中には興味ないみたいなスレた態度の子もいるが、楽しい気持ちは感じてるようだ。娯楽が少ないこういう場ではイベント事は大小関わらず楽しまれる。
「今日来てくれたのは皆も大好きライクスペースのVtuber! 薙夢フワリちゃんだー!」
司会の陽気な看護師が名前を言ったと同時にプロジェクターが作動して、スクリーンに愛純こと薙夢フワリが姿を現す。
フワリの容姿はセミロングのライトグリーンの髪形に、水色などの優しい色を基調とした衣装の姿だ。本人に感じる雰囲気を大事にデザインされた出で立ちだと感じる。

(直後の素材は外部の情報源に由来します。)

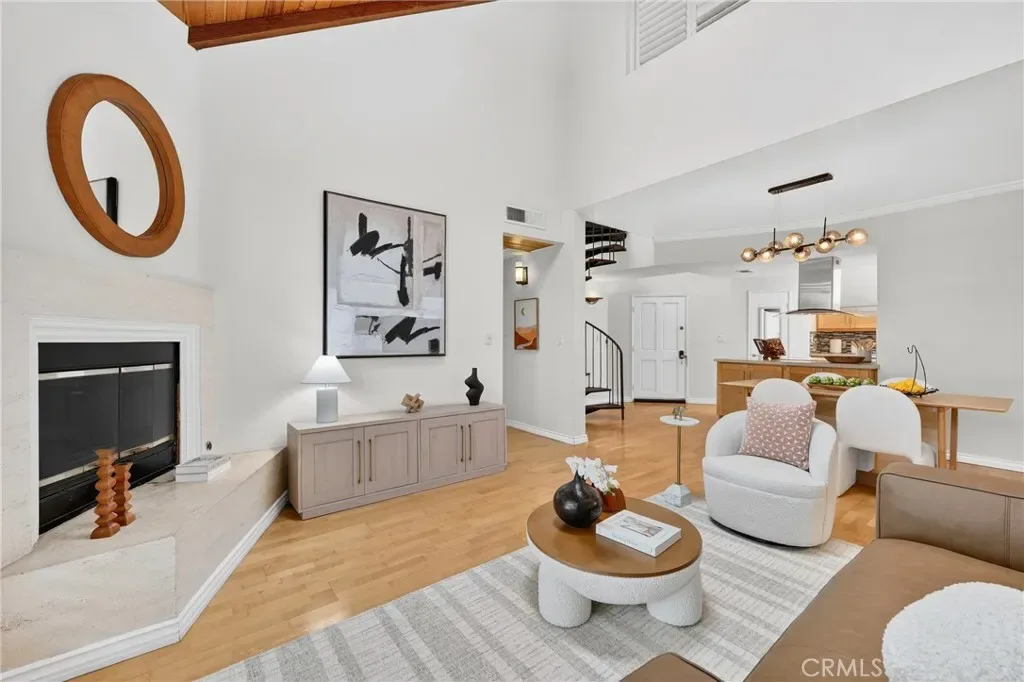 Vaulted ceilings and open layout seamlessly connects the living and dining areas—ideal for both everyday living and entertaining. Multiple balconies and patios extend the living space outdoors, offering inviting spots to relax or host guests. The convenience of an in-unit washer and dryer adds to the home’s comfort and functionality.
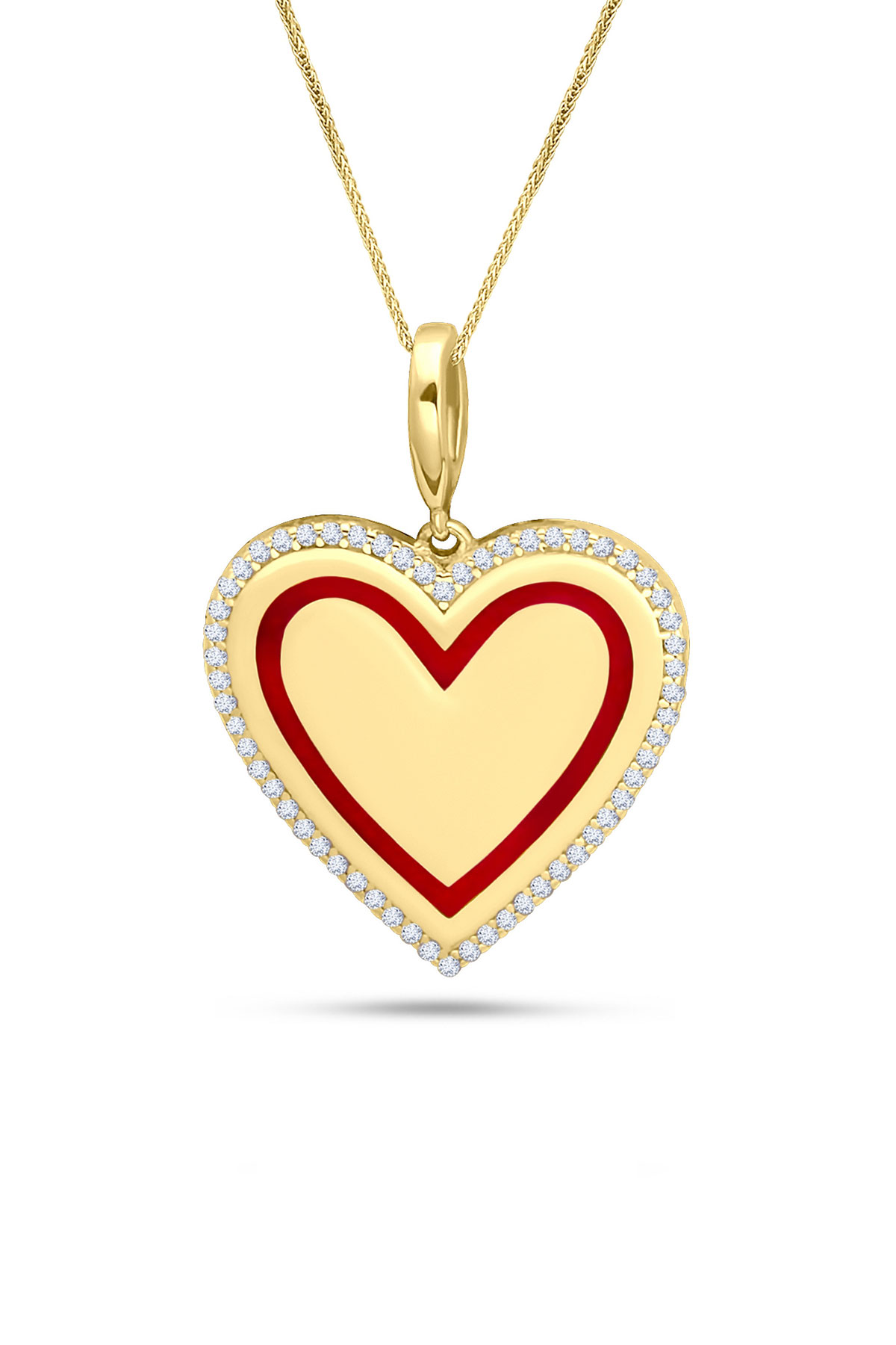 6.30 Gr. 45 Cm Spiga Zincirli Çerçevesi Taşlı Altın Kırmızı Mine Detaylı Kalp Kolye.

『こんにちわっ、ザコのみなさ……んんっ、げほっ、! こんにちわ! 薙夢フワリだよ、みんな今日はよろしくねっ』
「かわいいー!」
「初めて見たかもー」
「すごーい!」
先程の準備の間に灰川は少し薙夢フワリの事を調べた、視聴者登録は5万人と業界2位のライクスペースの新人としては充分な人数に見える。ライブ配信の回数は10数回で、動画も何個かあり切り抜き動画も作られてる。
その中のいくつかを少し見てみたが明らかに未熟だと感じる。だが才能を感じるのも確かだ、配信の中では視聴者を夢中にさせるゲームプレイや、面白い喋りを何度か披露してる。そもそもゲームが滅茶苦茶に上手い。
フワリは中学1年生だ、本来なら精神的にも経験的にも未熟で上手な配信が出来る年齢ではない。しかし薙夢フワリには他にはあまりない属性があるVtuberだという事が分かった。
薙夢フワリは中学1年生にして『超激甘・優しさ全開メスガキ』というキャッチコピーのVtuberだと説明されており、配信も少しそんな感じがしたから灰川は少し不安になった。このスタイルは母親はともかく岡崎先生は知ってるんだろうか?